BNB Attestation Service (BAS) is an attestation standard and infrastructure layer in the BNB ecosystem. It is designed to let users and applications create attestations, which BAS describes as statements with proof that can be used to verify information. BAS supports both on-chain and off-chain attestations, giving developers a way to bring verifiable data into blockchain-based applications.
At a conceptual level, BAS is a framework for structuring, issuing and verifying claims about data. It uses schemas to define the format of an attestation, supports resolvers for validation logic and allows attestations to reference other attestations, so more complex data structures can be built from simpler ones. This makes BAS a general-purpose verification layer rather than a single-purpose application.
BAS also distinguishes between public verifiability and controlled access. On-chain attestations are recorded on-chain and are publicly accessible, while off-chain attestations can be stored in Greenfield so users can manage privacy and access control around the underlying data.
BAS is used to create verifiable records about identity, activity, qualifications, ownership and other forms of data that need to be checked by third parties. The official documentation presents attestations as a standard for verification, vouching, proving, certifying, authenticating and recording events or claims.
Its architecture is built around schemas and attestations. A user or application first registers a schema in the schema registry, then creates attestations against that schema. Where a schema includes a resolver, the BAS contract can call that resolver to validate the attestation before it is recorded. BAS supports revocation as well, so attestations can later be marked invalid by the attestor.

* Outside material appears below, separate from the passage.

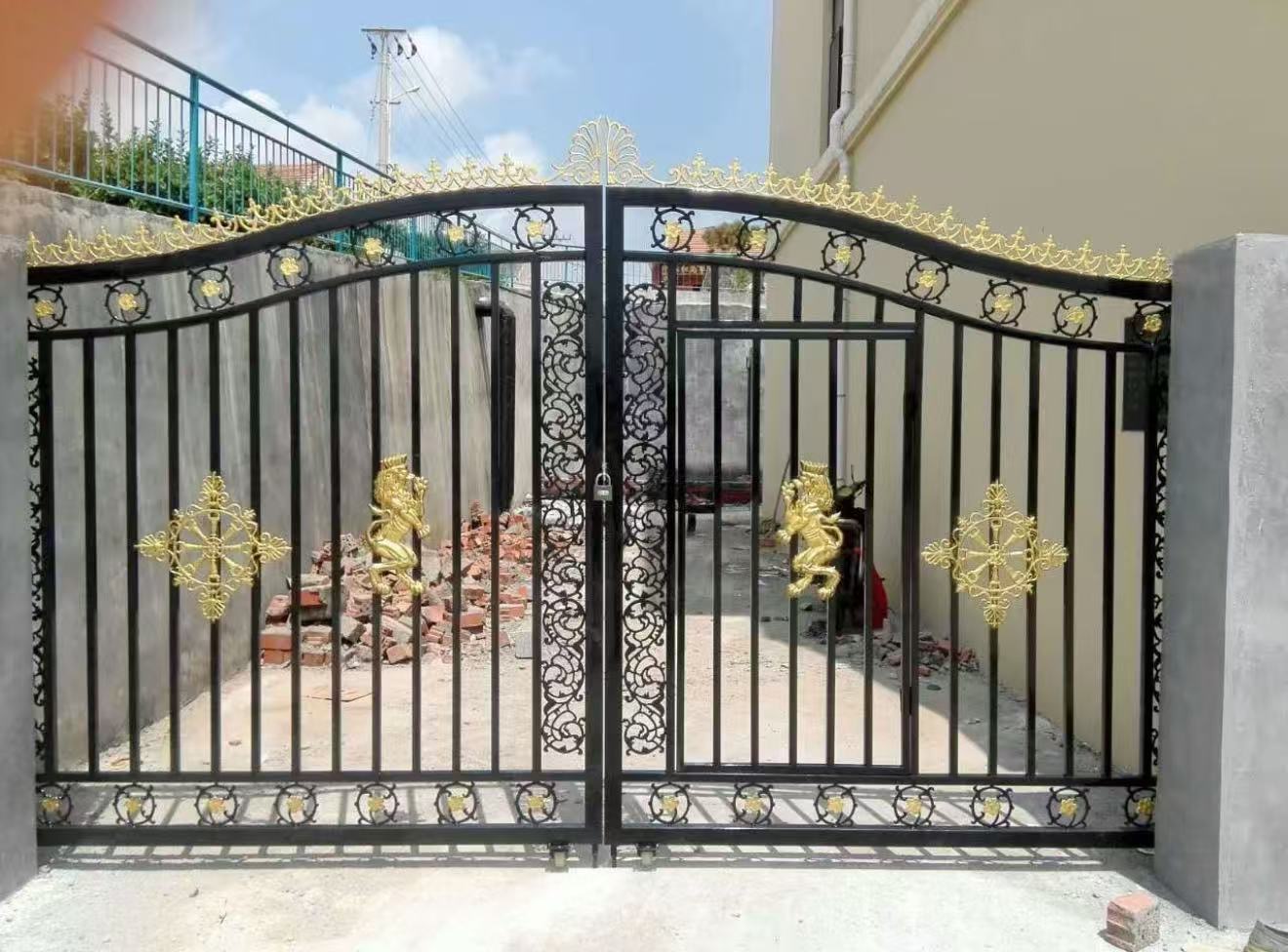 近期,天鼎鐵藝製作完成多項住宅大門設計案,每一款皆以細膩工藝與穩重線條,體現出專屬於居家的尊榮質感。從典雅的黑金花飾,到沉穩的霧面設計,再到雕飾金獅的歐式門面,皆展現出天鼎團隊對細節的嚴謹追求與藝術品味。

BAS is also intended for use cases where privacy and user-controlled data access matter. The documentation says off-chain attestations can be stored in Greenfield so users can retain ownership of the data while access permissions are handled through blockchain-based mechanisms. BAS describes this as part of a model for user data ownership and contract-controlled access.
The published use cases include licensing and voting. In licensing, BAS is presented as a way to verify applicant identity, qualifications and related information in a more structured and auditable format. In voting, BAS is presented as a way to verify voter eligibility and support systems such as one person one vote or quadratic voting through attestations rather than token balance alone.
The BAS documentation also includes BNB Passport, which uses attestations and proofs to represent identity, participation and reputation across Web2 and Web3 contexts. In that workflow, proofs are generated and verified before being written as attestations that other contracts and applications can use.